# MATERIAL FOR THE TASK:
************
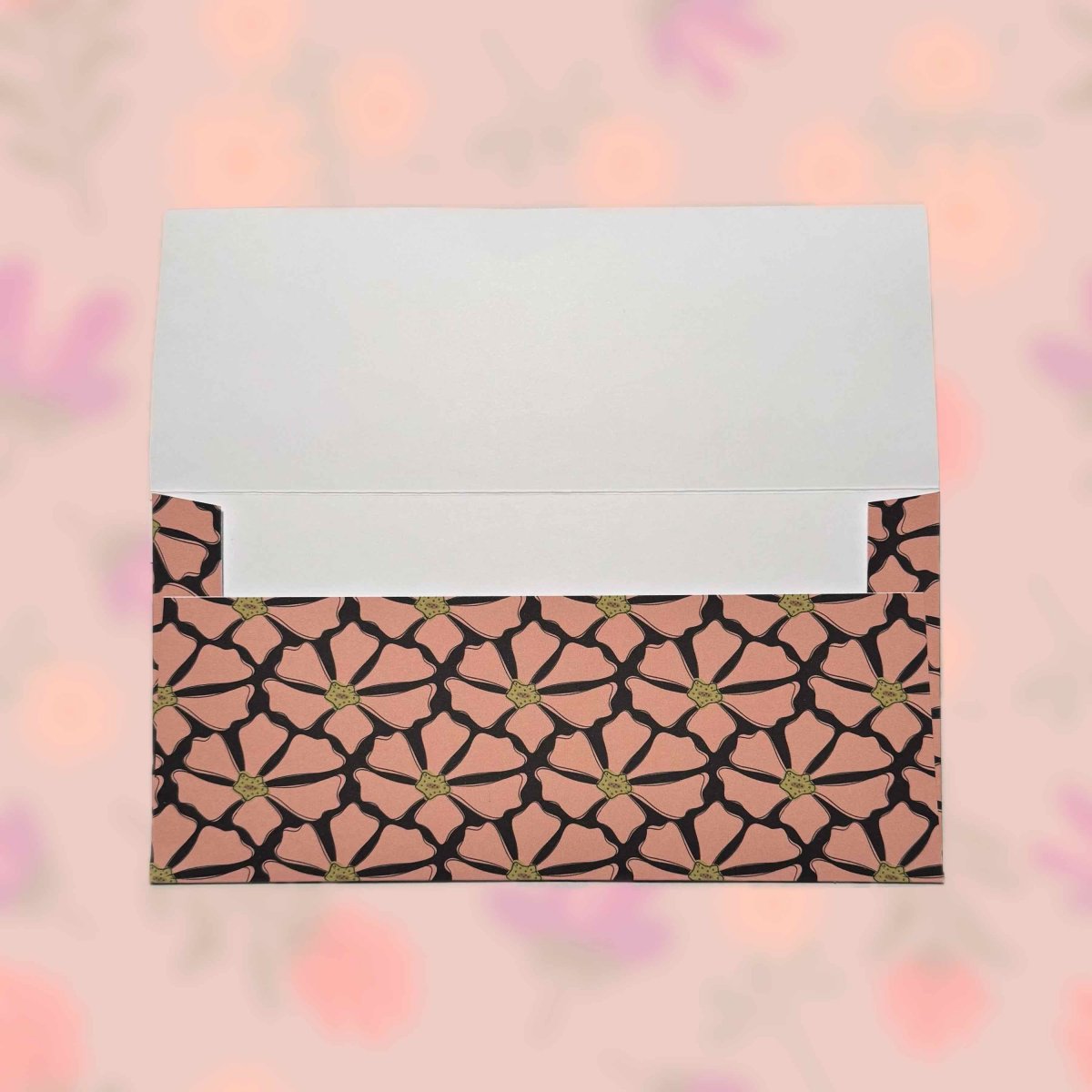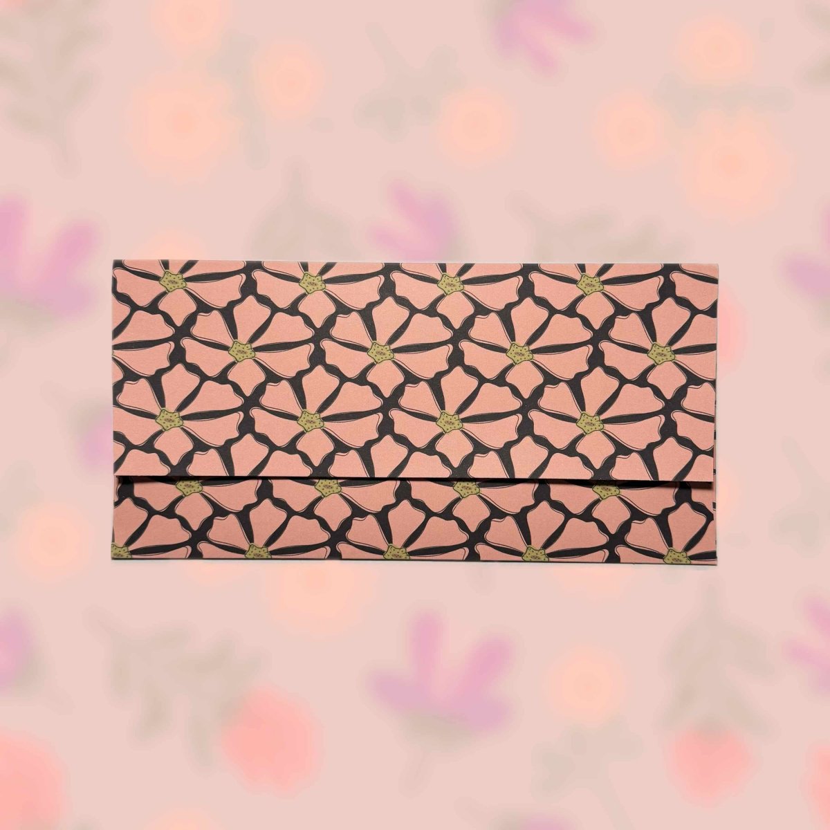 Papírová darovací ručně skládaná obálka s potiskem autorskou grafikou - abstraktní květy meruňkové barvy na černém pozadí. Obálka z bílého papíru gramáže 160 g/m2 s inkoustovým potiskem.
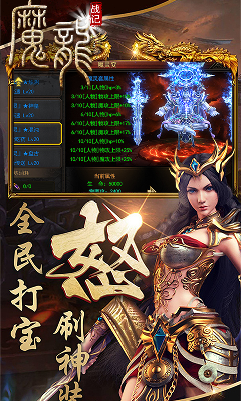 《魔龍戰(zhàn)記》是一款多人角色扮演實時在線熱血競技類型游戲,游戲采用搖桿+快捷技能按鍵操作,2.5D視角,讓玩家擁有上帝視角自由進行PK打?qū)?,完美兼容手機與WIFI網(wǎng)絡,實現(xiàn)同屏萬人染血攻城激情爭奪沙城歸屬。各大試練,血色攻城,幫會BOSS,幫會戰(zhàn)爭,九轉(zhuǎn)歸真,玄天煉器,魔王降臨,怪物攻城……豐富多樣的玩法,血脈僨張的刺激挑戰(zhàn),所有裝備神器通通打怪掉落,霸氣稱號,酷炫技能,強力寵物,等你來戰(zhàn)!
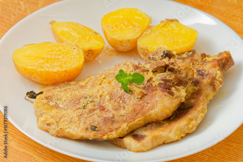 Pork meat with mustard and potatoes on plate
************
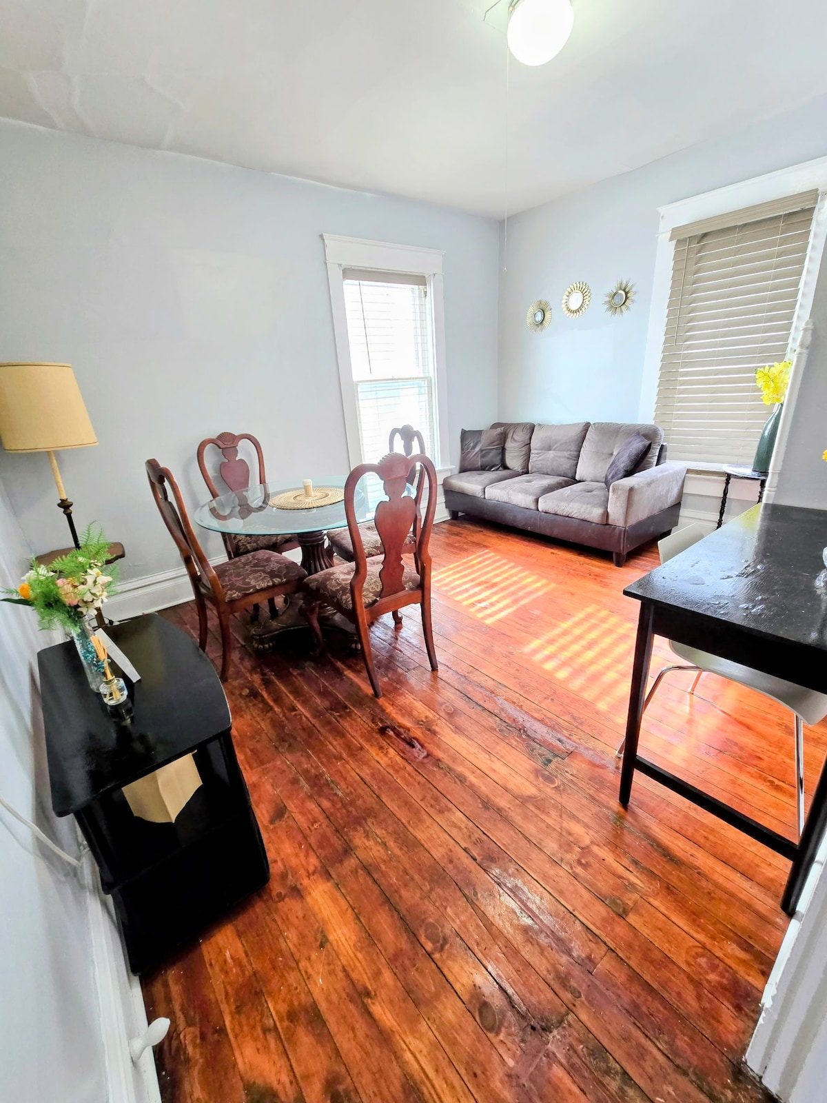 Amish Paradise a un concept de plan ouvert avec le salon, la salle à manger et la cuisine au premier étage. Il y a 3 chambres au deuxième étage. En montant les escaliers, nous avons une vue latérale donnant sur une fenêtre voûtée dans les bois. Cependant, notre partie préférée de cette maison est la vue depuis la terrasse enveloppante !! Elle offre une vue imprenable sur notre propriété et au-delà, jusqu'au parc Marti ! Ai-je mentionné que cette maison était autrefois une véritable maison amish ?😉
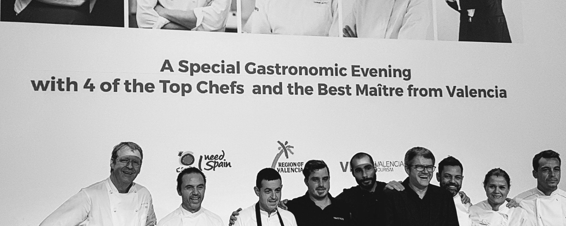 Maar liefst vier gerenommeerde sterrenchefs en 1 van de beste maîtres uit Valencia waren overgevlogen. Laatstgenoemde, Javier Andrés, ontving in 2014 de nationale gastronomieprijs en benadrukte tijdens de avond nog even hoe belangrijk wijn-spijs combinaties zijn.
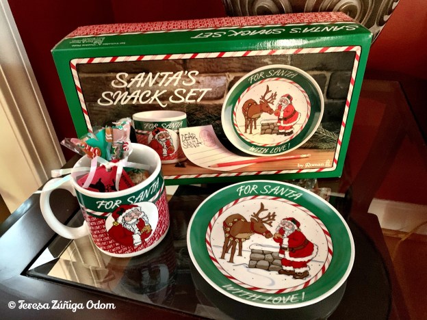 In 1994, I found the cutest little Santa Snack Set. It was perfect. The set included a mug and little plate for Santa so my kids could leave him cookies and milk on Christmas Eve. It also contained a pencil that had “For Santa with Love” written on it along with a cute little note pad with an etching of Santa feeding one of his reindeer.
************
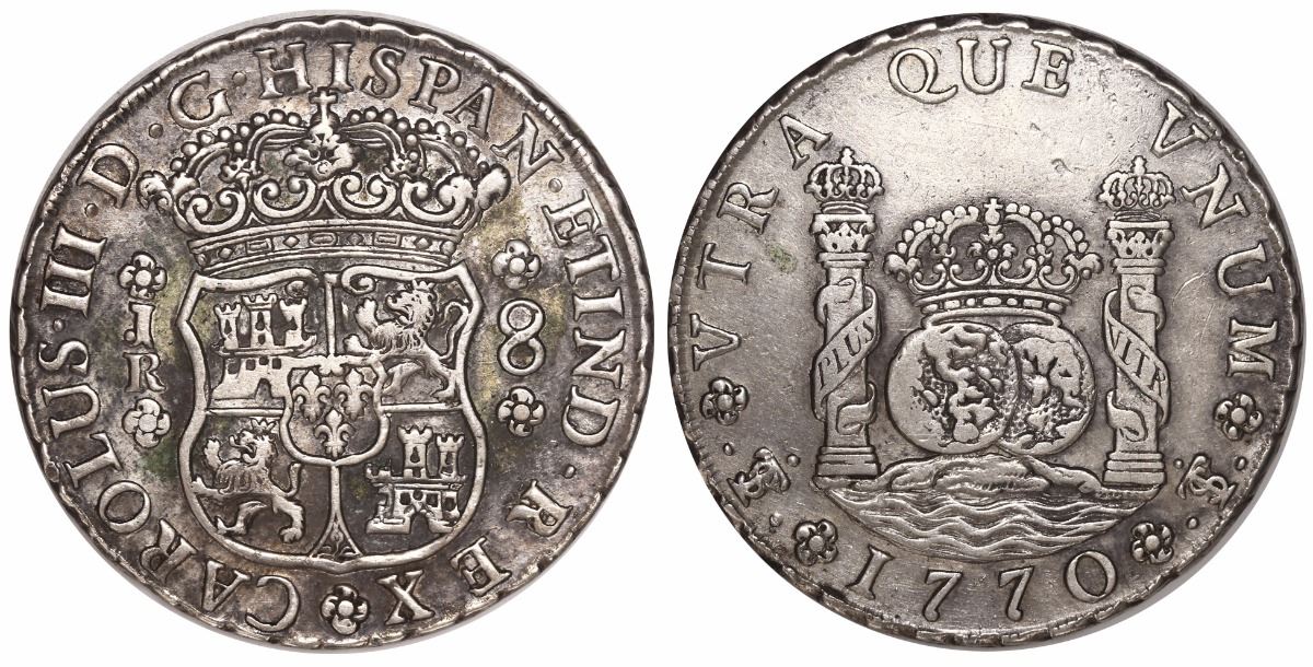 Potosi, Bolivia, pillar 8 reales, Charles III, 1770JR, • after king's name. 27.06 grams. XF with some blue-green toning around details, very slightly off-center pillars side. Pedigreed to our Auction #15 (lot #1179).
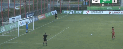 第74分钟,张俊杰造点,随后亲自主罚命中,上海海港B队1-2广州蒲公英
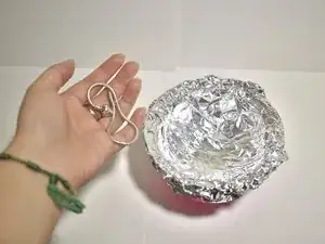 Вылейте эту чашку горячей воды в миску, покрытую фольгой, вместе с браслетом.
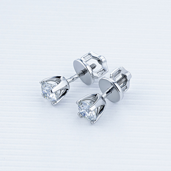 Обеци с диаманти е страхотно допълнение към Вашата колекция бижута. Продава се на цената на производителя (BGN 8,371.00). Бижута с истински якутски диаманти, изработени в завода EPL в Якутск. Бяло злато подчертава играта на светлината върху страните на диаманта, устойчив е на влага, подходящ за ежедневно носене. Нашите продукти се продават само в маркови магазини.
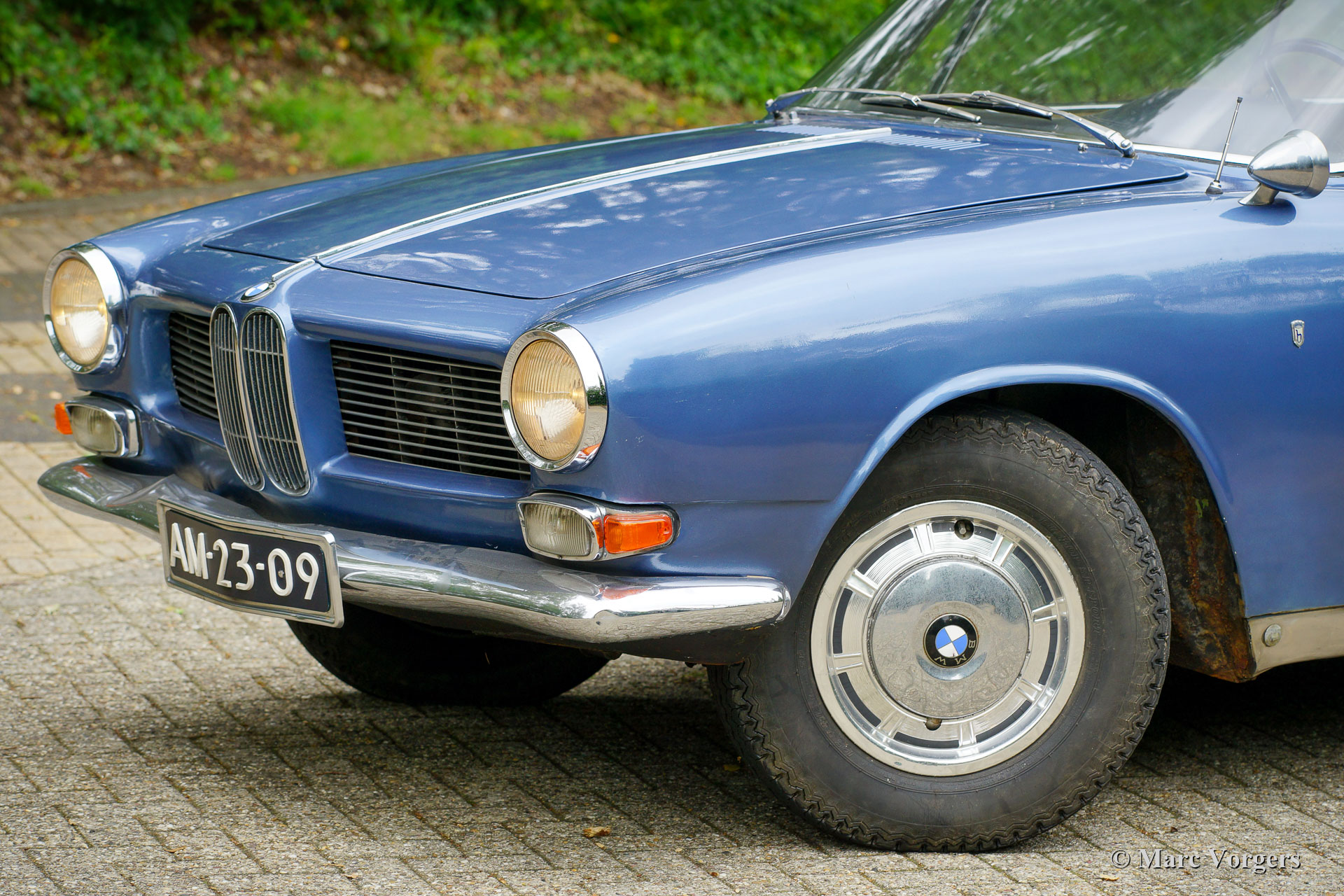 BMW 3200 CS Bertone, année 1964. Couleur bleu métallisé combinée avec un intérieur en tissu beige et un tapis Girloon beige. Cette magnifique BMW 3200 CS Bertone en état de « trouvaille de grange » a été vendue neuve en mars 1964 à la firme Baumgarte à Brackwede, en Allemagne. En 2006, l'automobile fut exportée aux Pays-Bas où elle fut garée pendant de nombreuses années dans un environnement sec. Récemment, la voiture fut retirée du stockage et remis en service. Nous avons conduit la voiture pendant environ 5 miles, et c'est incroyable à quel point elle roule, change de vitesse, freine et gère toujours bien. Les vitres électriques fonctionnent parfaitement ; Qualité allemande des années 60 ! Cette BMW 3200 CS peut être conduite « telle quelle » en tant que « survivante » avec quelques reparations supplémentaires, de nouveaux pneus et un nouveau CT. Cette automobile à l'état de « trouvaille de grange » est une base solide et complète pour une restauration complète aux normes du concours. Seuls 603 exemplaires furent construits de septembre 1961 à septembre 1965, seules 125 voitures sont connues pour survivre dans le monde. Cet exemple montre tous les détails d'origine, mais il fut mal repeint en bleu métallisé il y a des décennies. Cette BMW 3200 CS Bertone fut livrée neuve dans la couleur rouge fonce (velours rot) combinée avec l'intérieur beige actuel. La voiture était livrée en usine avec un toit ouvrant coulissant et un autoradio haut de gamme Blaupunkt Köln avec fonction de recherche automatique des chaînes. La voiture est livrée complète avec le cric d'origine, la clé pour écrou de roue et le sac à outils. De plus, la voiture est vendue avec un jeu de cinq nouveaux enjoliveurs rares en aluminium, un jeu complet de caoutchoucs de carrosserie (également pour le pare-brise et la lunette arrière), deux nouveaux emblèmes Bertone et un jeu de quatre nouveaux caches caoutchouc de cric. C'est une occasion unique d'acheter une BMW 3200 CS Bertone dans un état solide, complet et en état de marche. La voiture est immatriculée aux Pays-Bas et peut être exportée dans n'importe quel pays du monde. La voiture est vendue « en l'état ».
************
Please output the lines above beginning at the line with "Maar liefst vier" and ending after the line with "In 1994, I found", precisely as written and with no pictures.

 Maar liefst vier gerenommeerde sterrenchefs en 1 van de beste maîtres uit Valencia waren overgevlogen. Laatstgenoemde, Javier Andrés, ontving in 2014 de nationale gastronomieprijs en benadrukte tijdens de avond nog even hoe belangrijk wijn-spijs combinaties zijn.
 In 1994, I found the cutest little Santa Snack Set. It was perfect. The set included a mug and little plate for Santa so my kids could leave him cookies and milk on Christmas Eve. It also contained a pencil that had “For Santa with Love” written on it along with a cute little note pad with an etching of Santa feeding one of his reindeer.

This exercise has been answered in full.